---------- Information shown

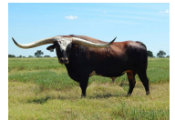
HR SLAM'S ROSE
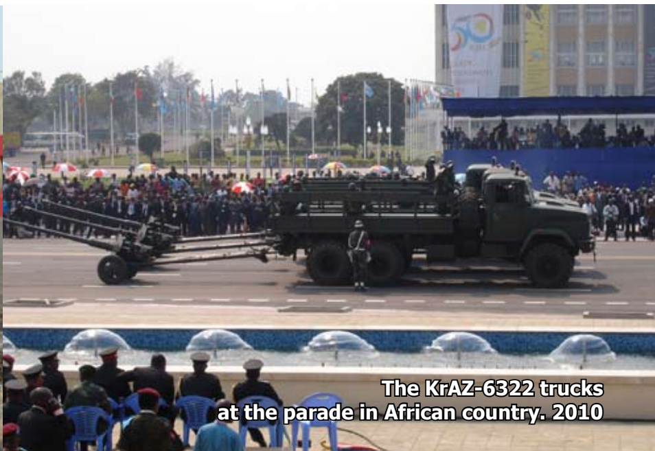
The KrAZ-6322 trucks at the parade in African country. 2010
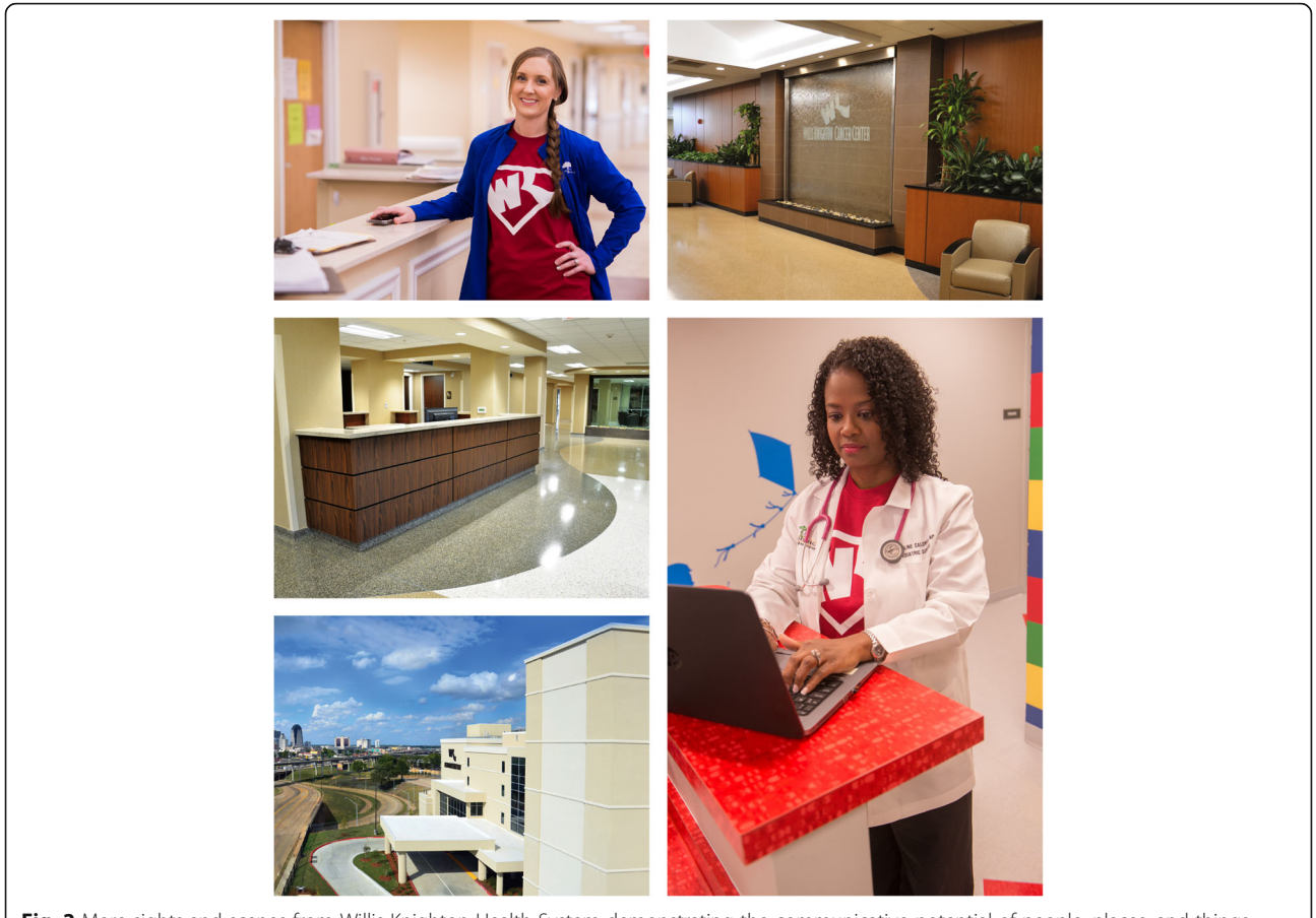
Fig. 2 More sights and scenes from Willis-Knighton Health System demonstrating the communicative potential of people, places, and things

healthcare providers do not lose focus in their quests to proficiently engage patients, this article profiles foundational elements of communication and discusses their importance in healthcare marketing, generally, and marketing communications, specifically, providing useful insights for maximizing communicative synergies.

--------------------
---------- Information shown

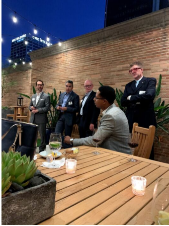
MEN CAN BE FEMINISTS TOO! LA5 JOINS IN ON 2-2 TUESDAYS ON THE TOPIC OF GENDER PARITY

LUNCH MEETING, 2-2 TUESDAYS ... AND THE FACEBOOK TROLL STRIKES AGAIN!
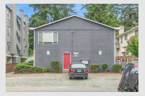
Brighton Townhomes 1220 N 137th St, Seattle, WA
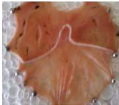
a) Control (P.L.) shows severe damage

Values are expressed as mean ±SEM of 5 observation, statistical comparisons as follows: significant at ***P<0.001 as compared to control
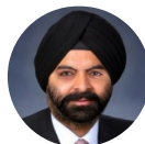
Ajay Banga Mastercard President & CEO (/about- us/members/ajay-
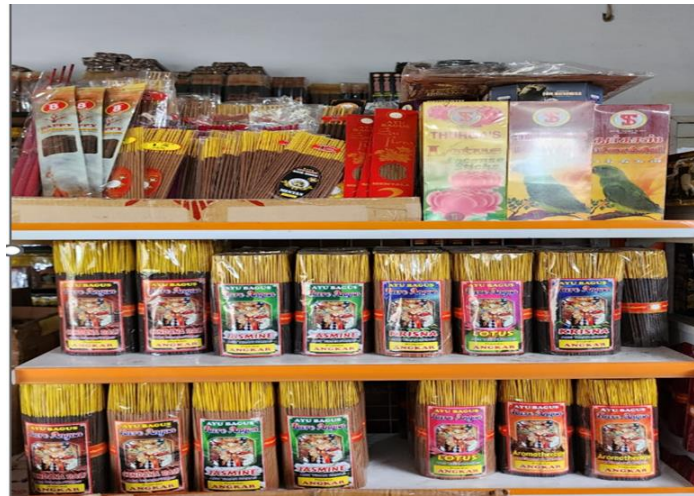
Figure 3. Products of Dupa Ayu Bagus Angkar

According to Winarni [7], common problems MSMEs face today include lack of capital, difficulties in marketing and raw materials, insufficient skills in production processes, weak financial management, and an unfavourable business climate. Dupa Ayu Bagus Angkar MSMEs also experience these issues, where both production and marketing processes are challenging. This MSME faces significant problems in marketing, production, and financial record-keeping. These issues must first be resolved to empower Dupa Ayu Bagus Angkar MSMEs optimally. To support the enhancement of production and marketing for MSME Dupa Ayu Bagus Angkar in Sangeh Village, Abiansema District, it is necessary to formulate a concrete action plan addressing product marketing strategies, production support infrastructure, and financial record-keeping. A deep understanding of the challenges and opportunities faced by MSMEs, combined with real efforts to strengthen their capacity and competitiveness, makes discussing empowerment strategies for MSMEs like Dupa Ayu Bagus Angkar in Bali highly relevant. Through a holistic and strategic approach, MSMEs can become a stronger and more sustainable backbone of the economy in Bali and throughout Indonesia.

--------------------
---------- Information shown

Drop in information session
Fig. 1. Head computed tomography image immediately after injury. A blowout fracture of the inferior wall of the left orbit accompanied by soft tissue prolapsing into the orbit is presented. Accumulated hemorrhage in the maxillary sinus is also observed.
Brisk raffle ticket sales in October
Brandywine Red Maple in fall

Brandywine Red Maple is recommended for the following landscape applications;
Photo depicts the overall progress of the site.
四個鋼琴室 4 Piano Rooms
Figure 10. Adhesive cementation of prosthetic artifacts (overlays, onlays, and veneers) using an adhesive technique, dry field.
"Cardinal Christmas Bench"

--------------------

(Task statement): Beginning at the line above that contains "HR SLAM'S ROSE" and going on through the line that contains "Fig. 2 More", please copy every line exactly, leaving the pictures out and adding nothing.

(Task solution):
HR SLAM'S ROSE
The KrAZ-6322 trucks at the parade in African country. 2010
Fig. 2 More sights and scenes from Willis-Knighton Health System demonstrating the communicative potential of people, places, and things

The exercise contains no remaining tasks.